En medio del auge de dietas como la keto, paleo o altas en proteína, hay una pregunta que cada vez toma más fuerza: ¿Qué está pasando realmente con la microbiota intestinal?

Este tipo de alimentación, caracterizada por un alto consumo de grasas y proteínas animales y una baja ingesta de fibra, ha sido ampliamente estudiada por su impacto en el equilibrio del microbioma. Algunas investigaciones han encontrado cambios en la composición bacteriana, así como en la producción de metabolitos clave para el funcionamiento del organismo.

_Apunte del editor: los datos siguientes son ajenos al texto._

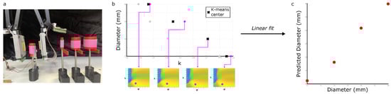 Predicting diameters using the reduced-order model. (a) Data was collected from four screwdriver diameters. (b) The k value of the heatmaps’ brightest pixels for the diameter measurements, and the clustered central value for each diameter. Note that some dots lie on top of each other. (c) Predicting values of diameter once a first-order polynomial is fitted to this data.

En ese escenario aparece un actor inesperado: el cranberry o arándano rojo.

Aunque tradicionalmente se ha asociado con la salud urinaria, hoy su papel se está revisando desde otro ángulo. Organizaciones como el Cranberry Institute han recopilado estudios que analizan cómo sus compuestos naturales podrían interactuar con la microbiota intestinal.

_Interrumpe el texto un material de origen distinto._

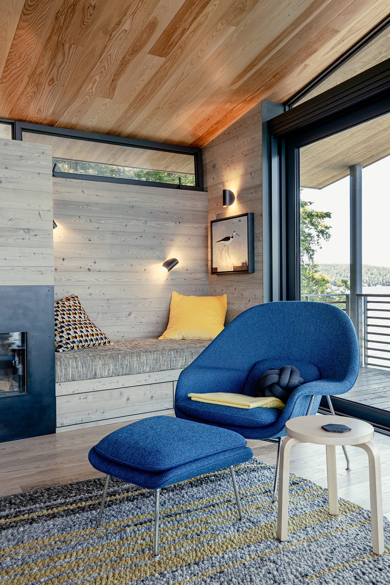 As one approaches the Boathouse from the land, it is barely visible through the trees; a dip in the topography together with the roof geometry serves to tuck the building into the landscape. Upon entry, the building opens dramatically to the Salish Sea. The ash ceiling draws a direct line to the view through glass walls and sliding glass corner doors. Services are tucked landward in a wood-clad volume, with windows strategically placed to highlight views of treetops and moss-covered stones. Steel accents notch into the wood volume to articulate the kitchen, fireplace, and shelving.

El Cranberry Institute han recopilado estudios que analizan cómo sus compuestos naturales podrían interactuar con la microbiota intestinal. Foto: Archivo: Código Salud.

¿Qué dice la ciencia?

Investigaciones desarrolladas en la Université Laval, particularmente desde el Institute of Nutrition and Functional Foods, han explorado cómo los polifenoles y la fibra presentes en el cranberry interactúan con las bacterias del intestino.

Algunos estudios sugieren que estos compuestos pueden llegar casi intactos al colon, donde entran en contacto con el microbioma. Allí, podrían influir en el equilibrio bacteriano y favorecer la producción de ácidos grasos de cadena corta, conocidos como SCFA, asociados con el bienestar intestinal.

Esto es relevante porque dietas bajas en fibra suelen afectar justamente estos procesos.

Un equilibrio que no siempre se ve

El punto clave es este: muchas veces los cambios en la microbiota no se sienten de inmediato, pero sí pueden influir en cómo el cuerpo procesa nutrientes, responde a la inflamación o regula el metabolismo. Por eso, la investigación actual no se centra solo en qué comemos, sino en cómo ciertos alimentos pueden interactuar con ese ecosistema invisible.

Aunque los resultados son prometedores, los expertos coinciden en que este es un campo en desarrollo. La relación entre alimentación, microbiota y compuestos bioactivos sigue siendo objeto de estudio.

Lo interesante es que alimentos que antes parecían tener un rol muy específico, hoy están siendo analizados desde una perspectiva mucho más amplia.

Y en ese nuevo mapa, el cranberry empieza a ganar un lugar inesperado.